===== Information shown =====

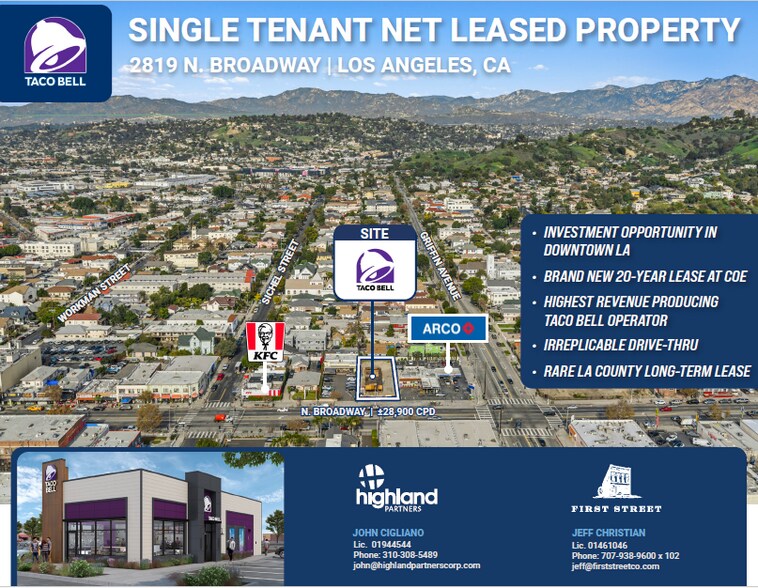 Highland Partners Corp is pleased to present the opportunity to acquire 2819 N. Broadway, Los Angeles, CA 90031. This freestanding building is currently 100% net leased to Taco Bell located in Los Angeles in Los Angeles County, California.
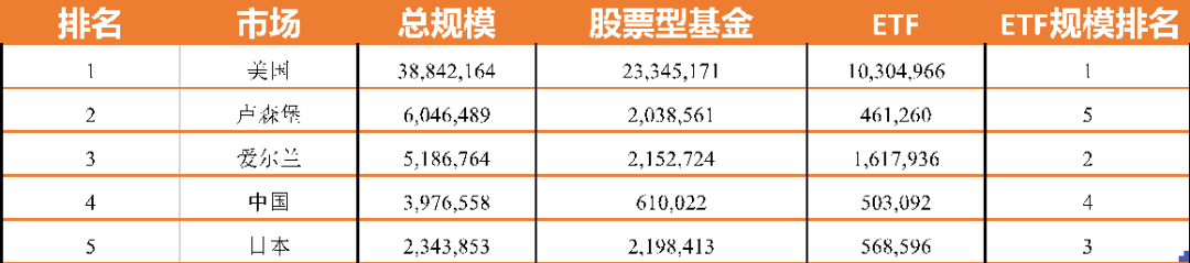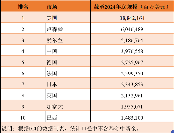 中国坐稳全球第4的位置,若剔除卢森堡和爱尔兰两大离岸中心,中国是仅次于美国的在岸基金市场。
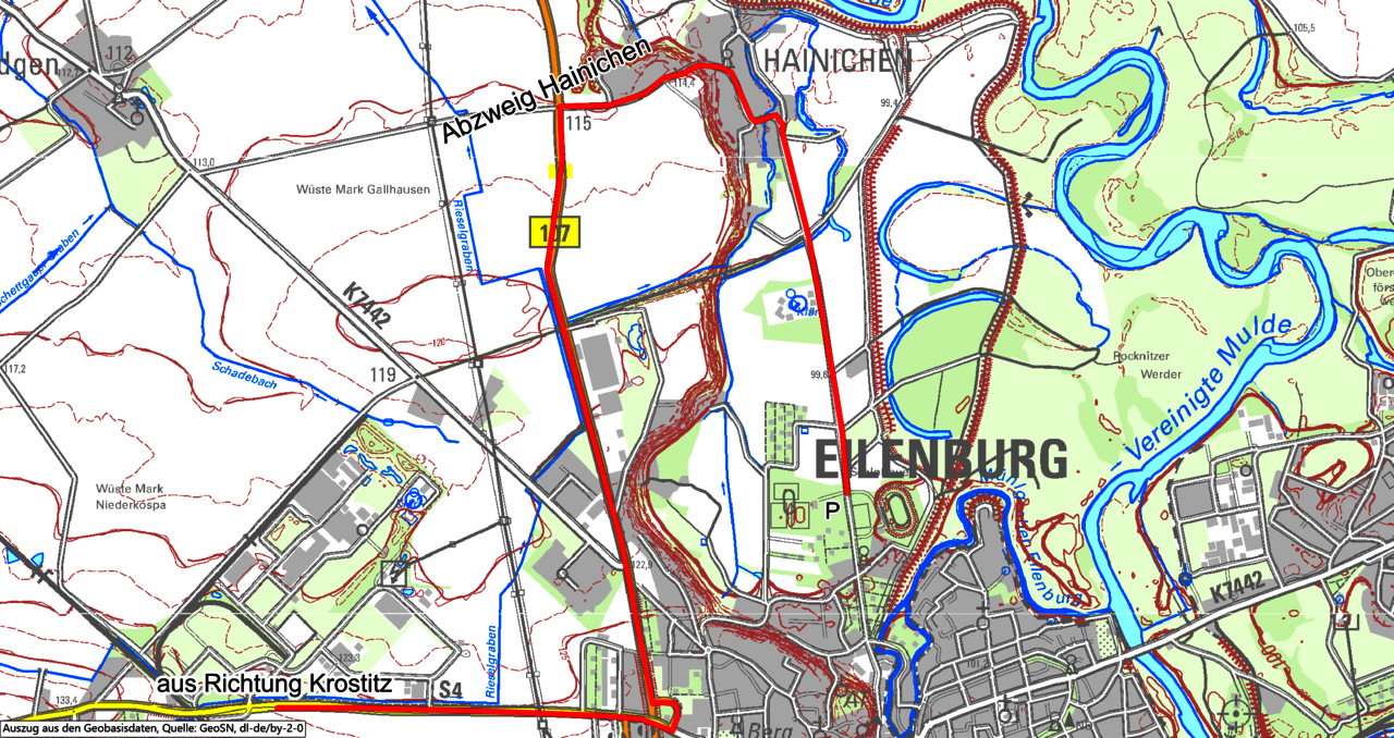 Anreise über die A72 bis Borna - B95 bis zur A38 - A38 bis zum Dreieck Parthenaue A14 - A14 bis zur Abfahrt Leipzig Mitte B2 - B2 bis zur Ampelkreuzung in Krostitz, rechts auf die S4 in Richtung Eilenburg - Ortseingang Eilenburg an der 1. Ampelkreuzung nach links in Richtung Bad Düben - auf der B107 am Abzweig Hainichen nach rechts abbiegen - durch die Ortslage Hainichen durchfahren, dann befindet sich das Stadion auf der linken Seite und der Parkplatz auf der rechten Seite
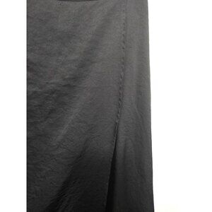Lattelier Black Silky-smooth Flowy Midi Split On Side Skirt With Side Zipper Clo
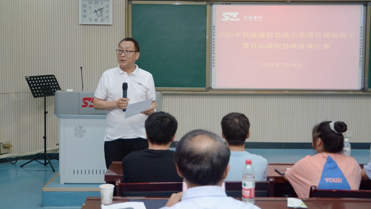 劉寶盈宣布比賽結(jié)果并做總結(jié)講話。他要求全體教師要以本次比賽為契機(jī),持續(xù)加強(qiáng)“課程思政”理論素養(yǎng),找準(zhǔn)實(shí)施“課程思政”教學(xué)的切入點(diǎn),錘煉“課程思政”教學(xué)技能,形成示范效應(yīng),激勵(lì)更多教師、更多課程積極開展“課程思政”建設(shè)與創(chuàng)新,形成“門門有思政、課課有特色、人人重育人”的良好局面,使各類課程與思想政治理論課程同向同行,發(fā)揮“課程思政”潤(rùn)物無(wú)聲的作用,推動(dòng)我?!罢n程思政”建設(shè)不斷取得新成效。
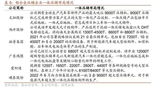 随着我国汽车产业的发展,国内主要汽车铝合金压铸件生产企业不断扩大大型压铸件产能,多家压铸企业开始布局一体压铸业务。
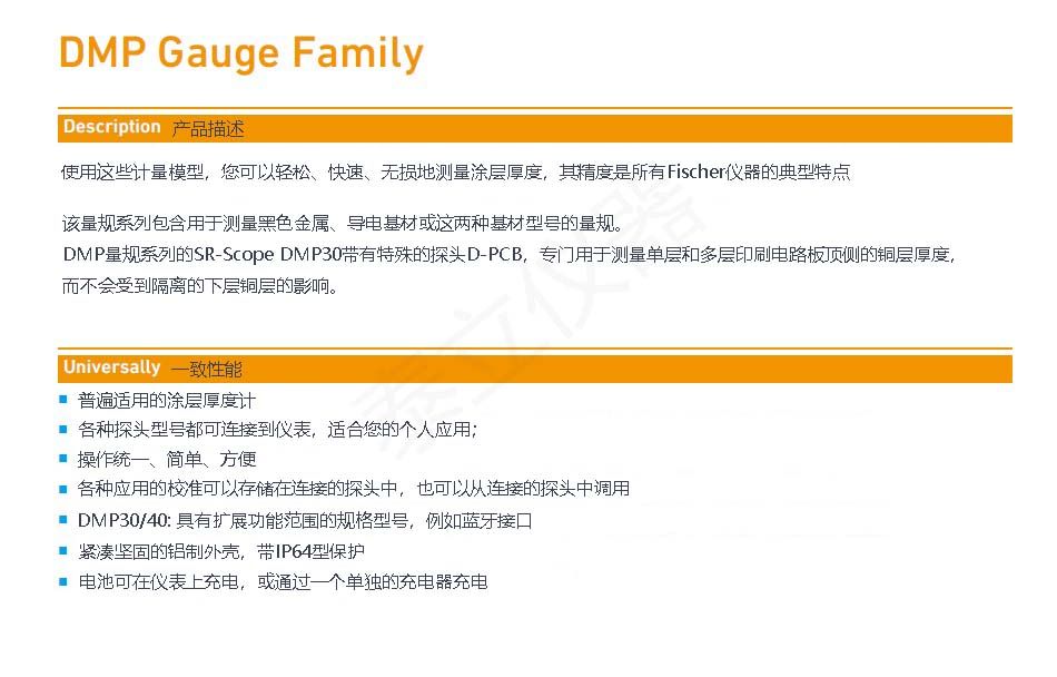 接觸式無(wú)損涂層厚度測(cè)量現(xiàn)已提升到新的水平。Fischer全新的DMP系列以其全新的設(shè)計(jì)和數(shù)字探頭,以及Fischer DataSuite和許多其他創(chuàng)新樹立了新標(biāo)準(zhǔn)。體驗(yàn)一下該產(chǎn)品系列。
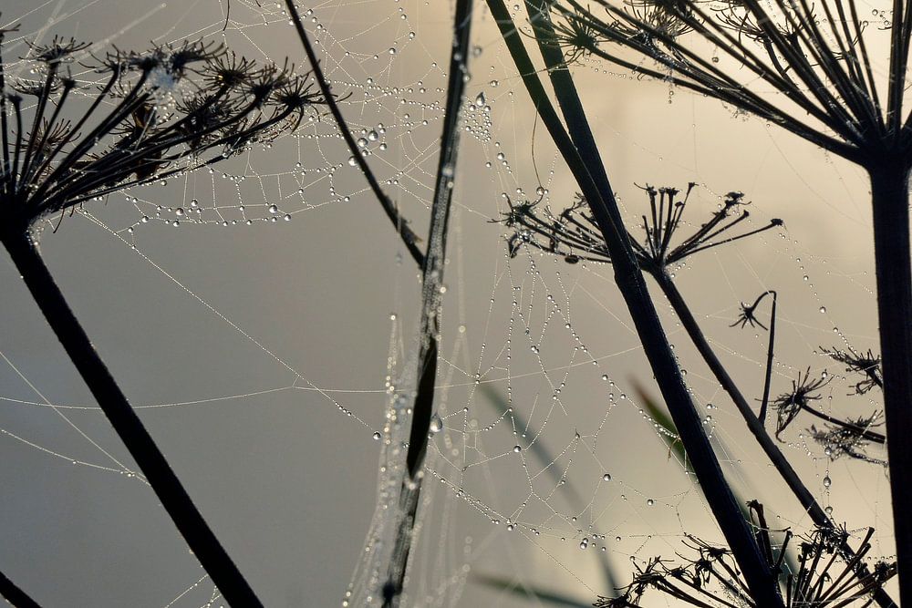 Mooie detailopname met opgaande zonlicht met een berenklauw geraamte met spinnenweb en dauwdruppels
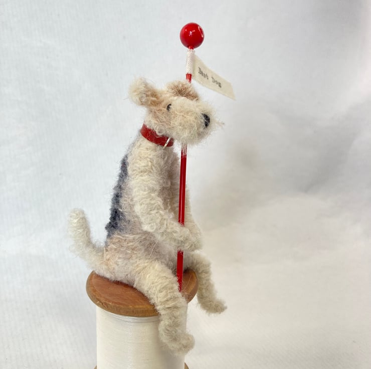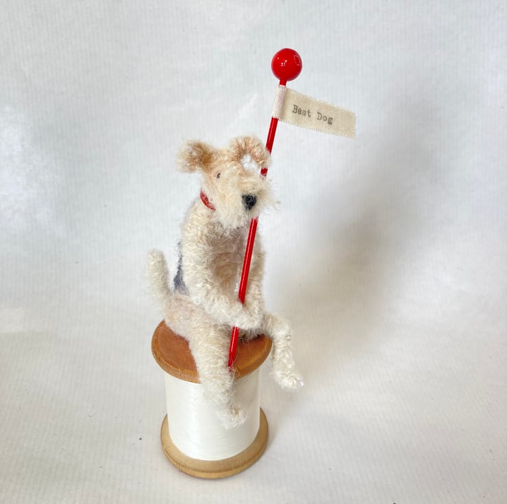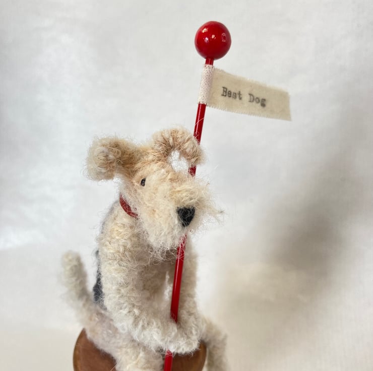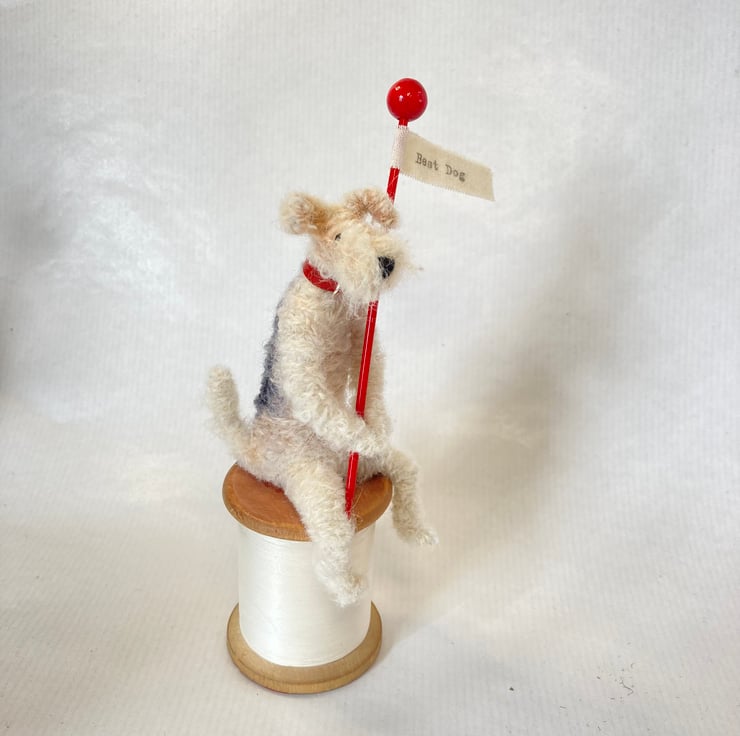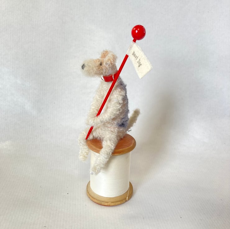 Duke is sitting pretty on a large vintage cotton reel and is holding a flag which reads “Best Dog” on one side and “ Woof Woof” on the other. He has a handmade red leather collar and is made from wire and Alpaca Bouclé wool.
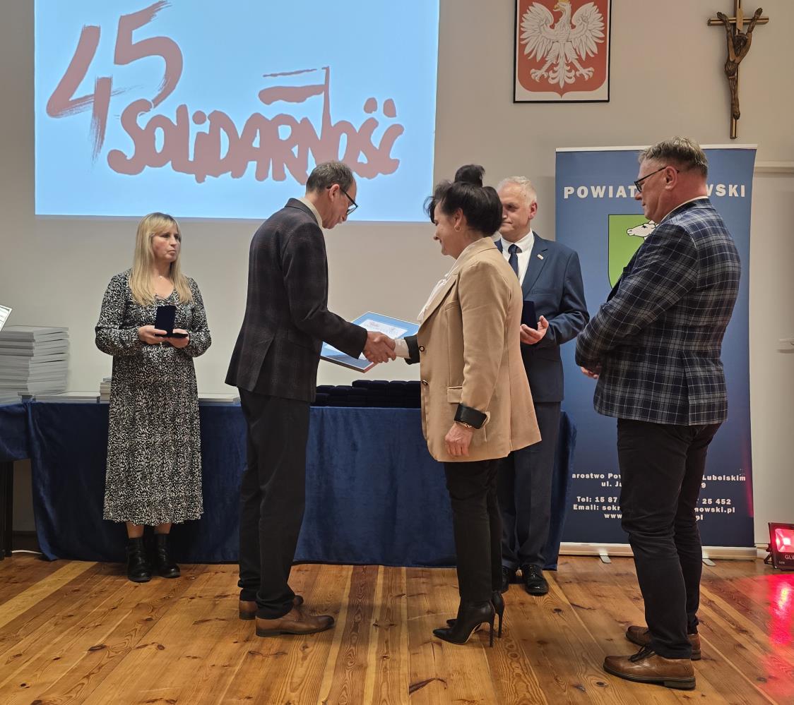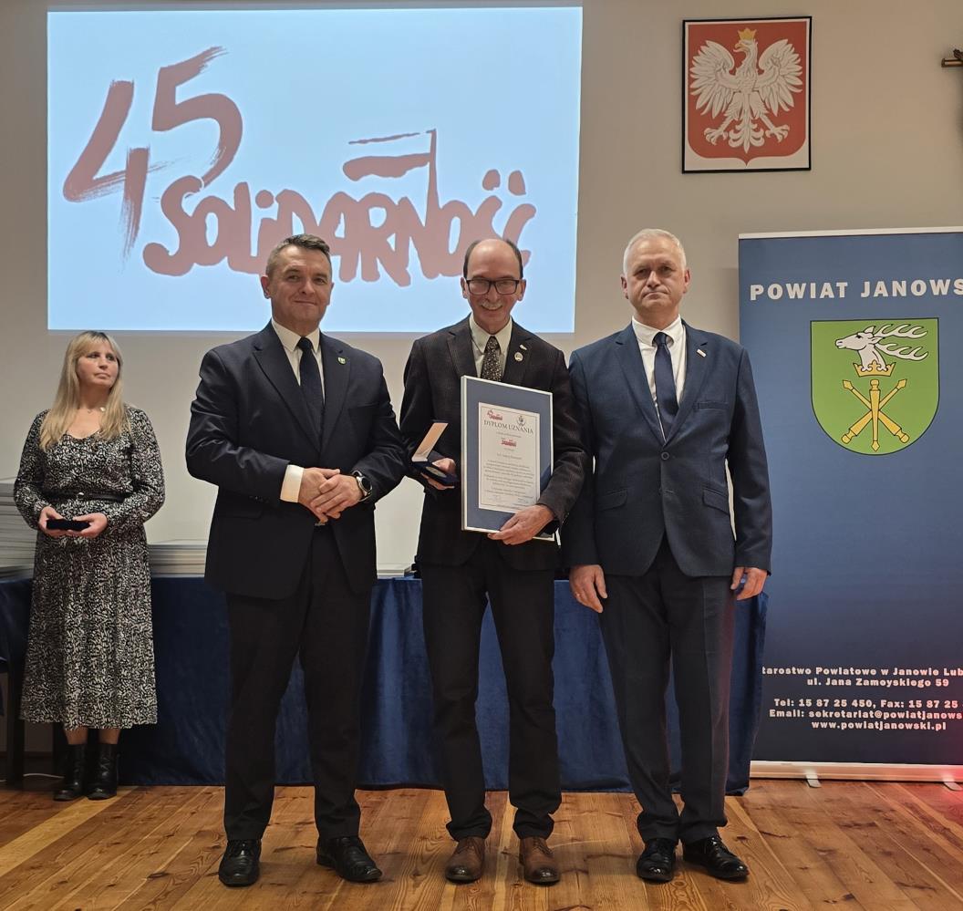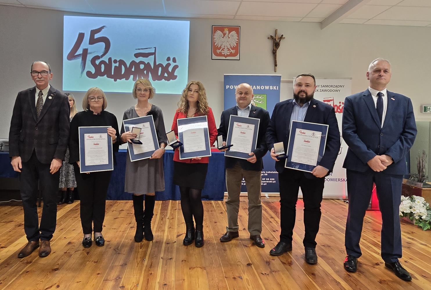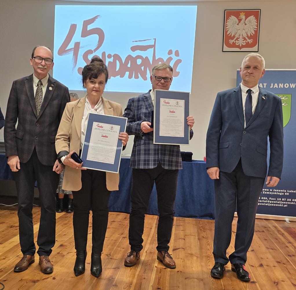 Wyróżnienia w postaci okolicznościowych dyplomów i medali otrzymali członkowie Międzyzakładowej Organizacji Związkowej NSZZ „Solidarność”, reprezentujący m.in. DPS, Pływalnię „Otylia” oraz Fortaco Group. Uhonorowano również przedstawicieli „Solidarności” z janowskiego szpitala, Gminnej Spółdzielni „Samopomoc Chłopska”, Przedsiębiorstwa Gospodarki Komunalnej i Mieszkaniowej, Państwowej Straży Pożarnej, Rejonu Energetycznego w Janowie Lubelskim, a także pracowników firm Ekomel i Caterpillar oraz Nadleśnictwa Janów Lubelski. Podziękowania skierowano też do członków NSZZ „Solidarność” Rolników Indywidualnych. W gronie uhonorowanych znaleźli się ponadto Starosta Janowski Artur Pizoń, Burmistrz Janowa Lubelskiego Krzysztof Kołtyś oraz Dyrektor ZST w Janowie Lubelskim Iwona Pająk.

=====

* Work request: Leave the images behind and write out every entry exactly.

* Answer section:
 Highland Partners Corp is pleased to present the opportunity to acquire 2819 N. Broadway, Los Angeles, CA 90031. This freestanding building is currently 100% net leased to Taco Bell located in Los Angeles in Los Angeles County, California.
 中国坐稳全球第4的位置,若剔除卢森堡和爱尔兰两大离岸中心,中国是仅次于美国的在岸基金市场。
 Anreise über die A72 bis Borna - B95 bis zur A38 - A38 bis zum Dreieck Parthenaue A14 - A14 bis zur Abfahrt Leipzig Mitte B2 - B2 bis zur Ampelkreuzung in Krostitz, rechts auf die S4 in Richtung Eilenburg - Ortseingang Eilenburg an der 1. Ampelkreuzung nach links in Richtung Bad Düben - auf der B107 am Abzweig Hainichen nach rechts abbiegen - durch die Ortslage Hainichen durchfahren, dann befindet sich das Stadion auf der linken Seite und der Parkplatz auf der rechten Seite
Lattelier Black Silky-smooth Flowy Midi Split On Side Skirt With Side Zipper Clo
 劉寶盈宣布比賽結(jié)果并做總結(jié)講話。他要求全體教師要以本次比賽為契機(jī),持續(xù)加強(qiáng)“課程思政”理論素養(yǎng),找準(zhǔn)實(shí)施“課程思政”教學(xué)的切入點(diǎn),錘煉“課程思政”教學(xué)技能,形成示范效應(yīng),激勵(lì)更多教師、更多課程積極開展“課程思政”建設(shè)與創(chuàng)新,形成“門門有思政、課課有特色、人人重育人”的良好局面,使各類課程與思想政治理論課程同向同行,發(fā)揮“課程思政”潤(rùn)物無(wú)聲的作用,推動(dòng)我?!罢n程思政”建設(shè)不斷取得新成效。
 随着我国汽车产业的发展,国内主要汽车铝合金压铸件生产企业不断扩大大型压铸件产能,多家压铸企业开始布局一体压铸业务。
 接觸式無(wú)損涂層厚度測(cè)量現(xiàn)已提升到新的水平。Fischer全新的DMP系列以其全新的設(shè)計(jì)和數(shù)字探頭,以及Fischer DataSuite和許多其他創(chuàng)新樹立了新標(biāo)準(zhǔn)。體驗(yàn)一下該產(chǎn)品系列。
 Mooie detailopname met opgaande zonlicht met een berenklauw geraamte met spinnenweb en dauwdruppels
 Duke is sitting pretty on a large vintage cotton reel and is holding a flag which reads “Best Dog” on one side and “ Woof Woof” on the other. He has a handmade red leather collar and is made from wire and Alpaca Bouclé wool.
 Wyróżnienia w postaci okolicznościowych dyplomów i medali otrzymali członkowie Międzyzakładowej Organizacji Związkowej NSZZ „Solidarność”, reprezentujący m.in. DPS, Pływalnię „Otylia” oraz Fortaco Group. Uhonorowano również przedstawicieli „Solidarności” z janowskiego szpitala, Gminnej Spółdzielni „Samopomoc Chłopska”, Przedsiębiorstwa Gospodarki Komunalnej i Mieszkaniowej, Państwowej Straży Pożarnej, Rejonu Energetycznego w Janowie Lubelskim, a także pracowników firm Ekomel i Caterpillar oraz Nadleśnictwa Janów Lubelski. Podziękowania skierowano też do członków NSZZ „Solidarność” Rolników Indywidualnych. W gronie uhonorowanych znaleźli się ponadto Starosta Janowski Artur Pizoń, Burmistrz Janowa Lubelskiego Krzysztof Kołtyś oraz Dyrektor ZST w Janowie Lubelskim Iwona Pająk.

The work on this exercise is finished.